A lot of learning is perspective and depends heavily on our approach to a given subject. As a foundational principle I would propose the following relationship exists between the scriptures and God; that is our treatment of the scriptures equates, on some level, to our treatment of God. When Nephi discussed his own mission of writing scripture, he equated the scriptures with God:

“For the things which some men esteem to be of great worth, both to the body and soul, others set at naught and trample under their feet.
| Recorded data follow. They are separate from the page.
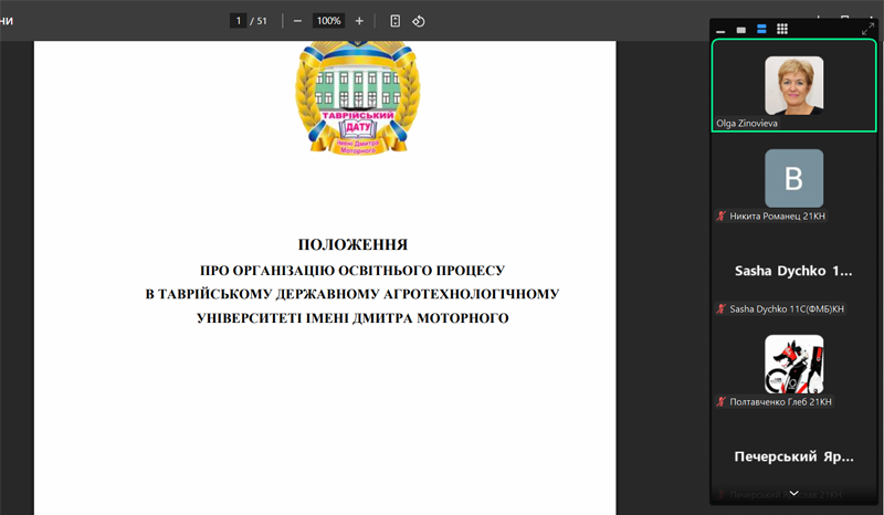 Під час зустрічі куратор старший викладач Зінов’єва О.Г. познайомила студентів з положенням «Про організацію освітнього процесу в Таврійському державному агротехнологічному університеті». Особливу увагу було приділено питанням академічної доброчесності, підсумковій атестації здобувачів.. Здобувачам також було продемонстровано, де саме на офіційному сайті університету можна знайти всі нормативні документи, які регламентують навчальний процес. Це допоможе студентам краще орієнтуватися в освітньому середовищі та сприяють ефективному засвоєнню матеріалу.
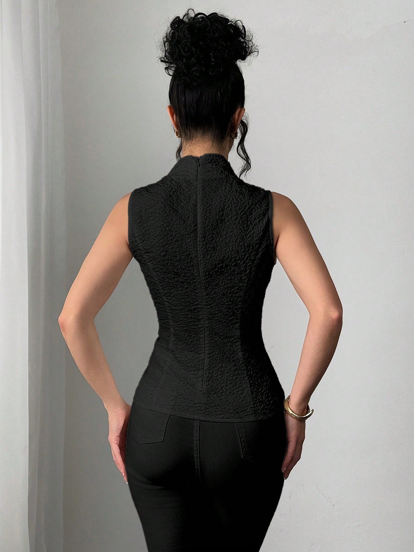 Elenzga Elegant Solid Color Chinese Collar Cinched Waist Front Tie Tank Top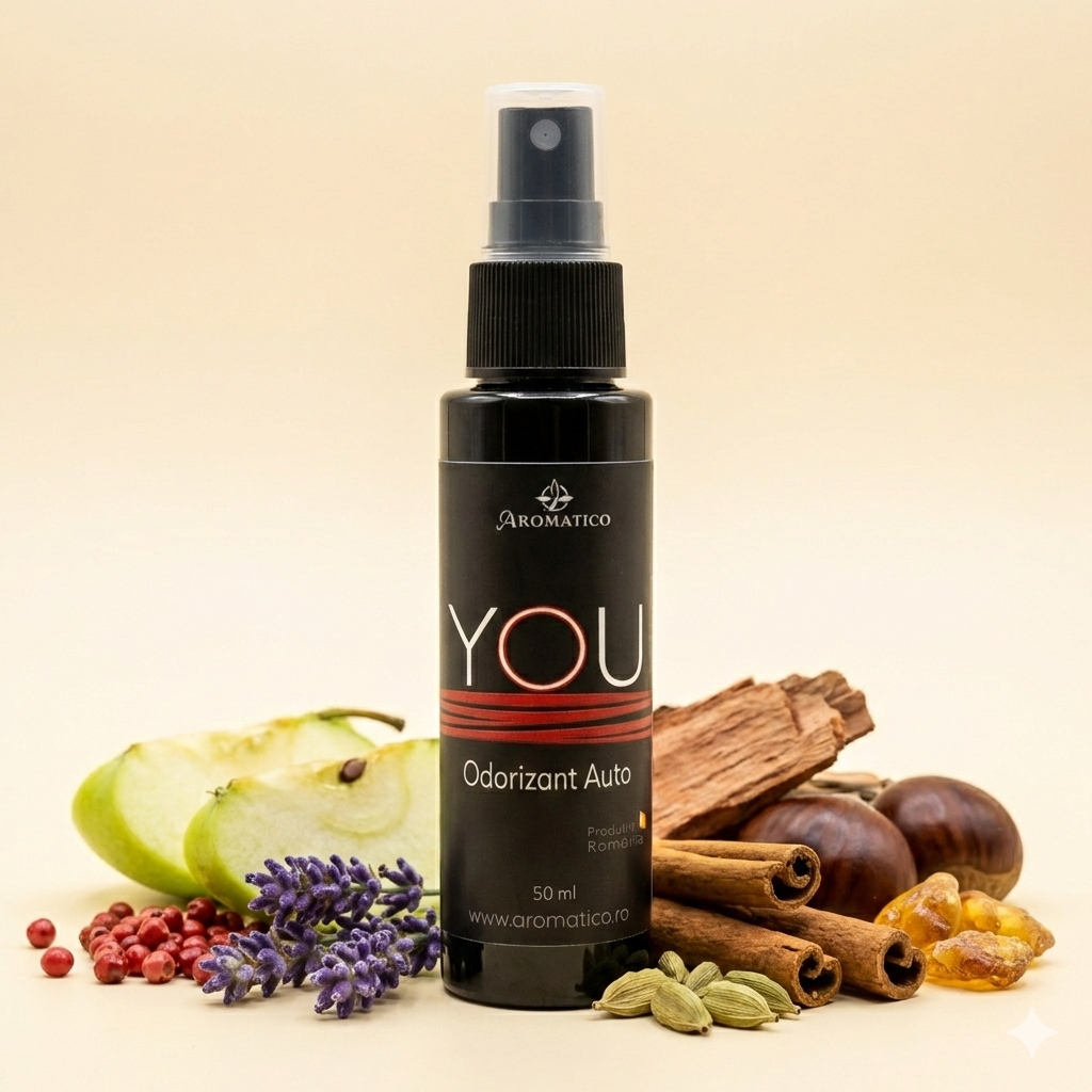 🚗 Aromatico You – Odorizant auto lemnos-condimentat, cu esență de parfum pe bază de ulei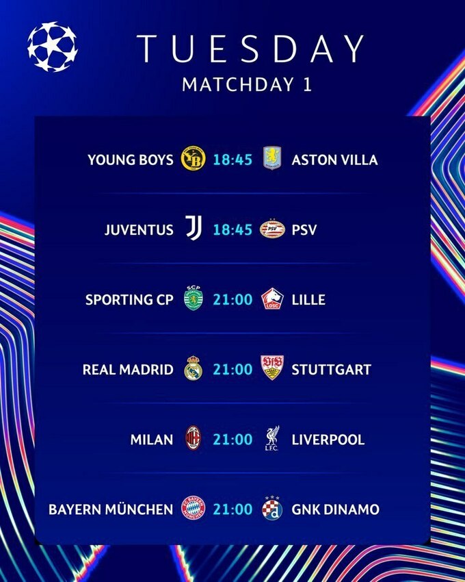 Согласно календарю, старт групповой стадии дадут поединки в Турине и Берне, где встретятся, соответственно, «Ювентус» и ПСВ, а тажке «Янг Бойз» и «Астон Вилла». Матчи начнутся в 19:45 по киевскому времени.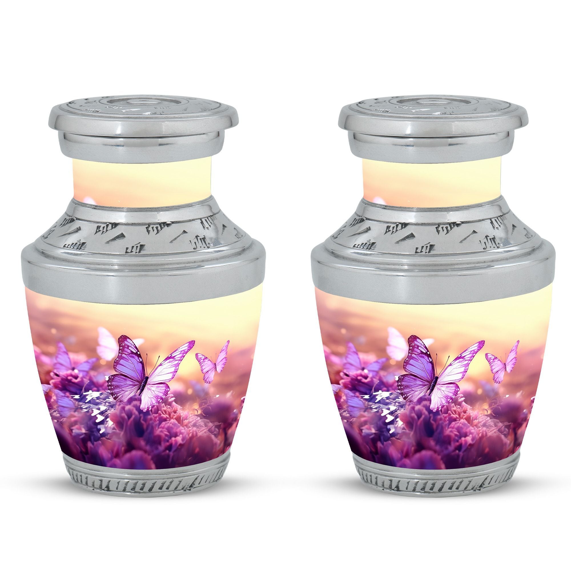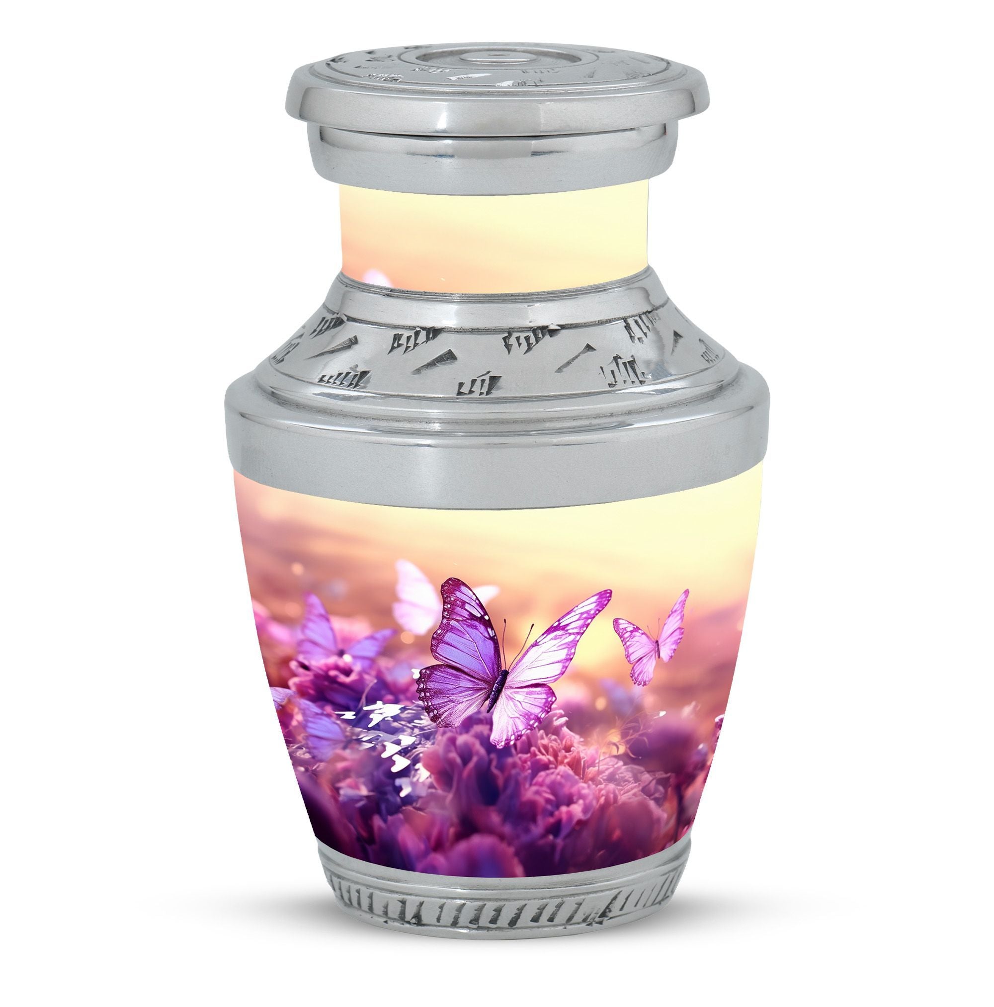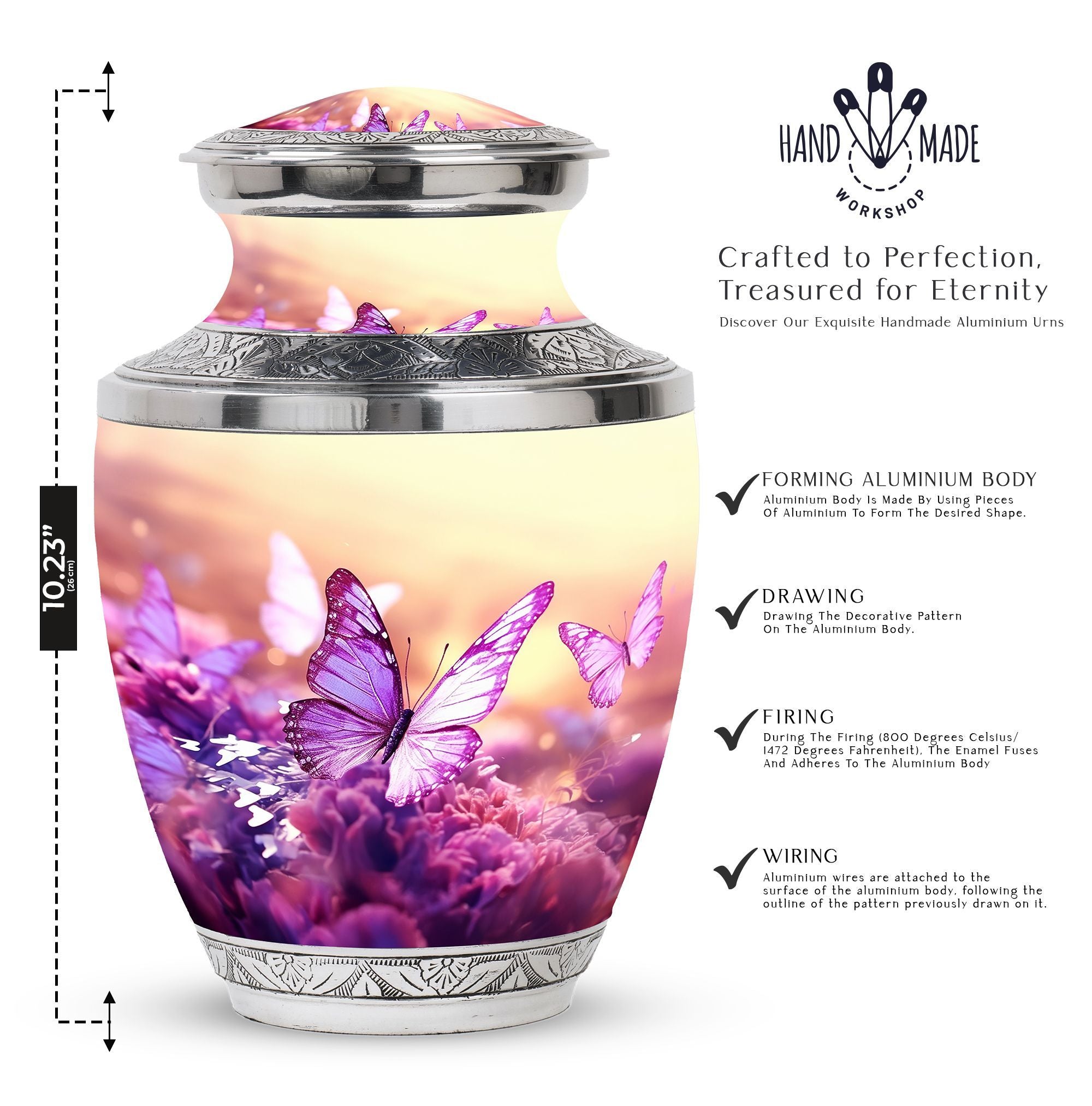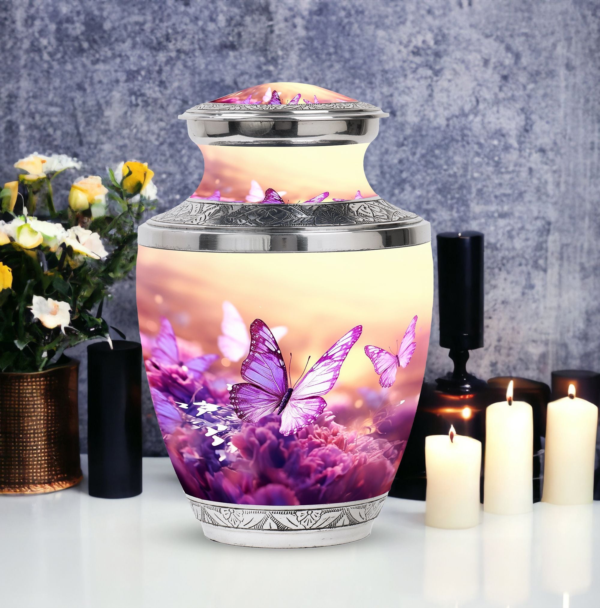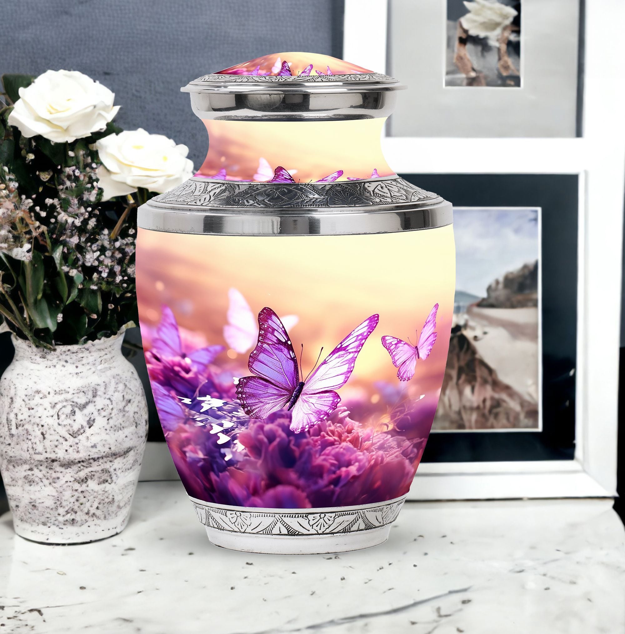 Discover a unique way to commemorate your loved ones with Butterfly in Meadow Urns for Human Ashes. These unique urns offer a size of 3 inches, and a sturdy weight of 3.3 pounds. They stand proud at 10 inches in height and made of long-lasting aluminium. The lunar design combined with the classic urn design allows for a vibrant and soothing symbol for the memory of the departed. Our Large Urns come with a gentle velvet pouch for the secure containment of ashes. Their more significant capacity allows for the containment of up to 200 cubic inches of ash, ensuring your loved one's memory stays intact. Make it personal with our customization features - have the urn engraved with your loved one's name, creating a truly unique memorial. These custom urns not only serve as secure ashes holders for cremation but also double as decorative urns, particularly perfect for Moms Ashes. So, Discover our Butterfly in Meadow urns, redefining the experience of memorial urns.

Yea, even the very God of Israel do men trample under their feet; I say, trample under their feet but I would speak in other words—they set him at naught, and hearken not to the voice of his counsels.” (1 Nephi 19:7)

—- a similar statement can be found in D&C 1:38, where the voice of God’s servants is equated with the Lord’s voice.

We can get more out of our scripture study if we approach them like we would if we approached the Lord. In this way, we can sanctify our scripture study and ourselves; we can choose to be holy by humbling ourselves before God and His word. One of my favorite scriptures is a reminder to me to be humble; it is in Christ’s voice, “Learn of me, and listen to my words; walk in the meekness of my Spirit, and you shall have peace in me” (D&C 19:23). Humility, unlike humiliation, is a choice we make. It is a gift we give to God and ourselves.

For ease of discussion on approaching scriptures, I have artificially broken up this study (our approach) into three positions: beyond the text, above the text, and at the text.

Beyond the text

By “beyond the text” I am imagining myself looking towards the scriptures, but beyond or below the ink and the paper. I am focusing on the source of scripture, I am looking for God.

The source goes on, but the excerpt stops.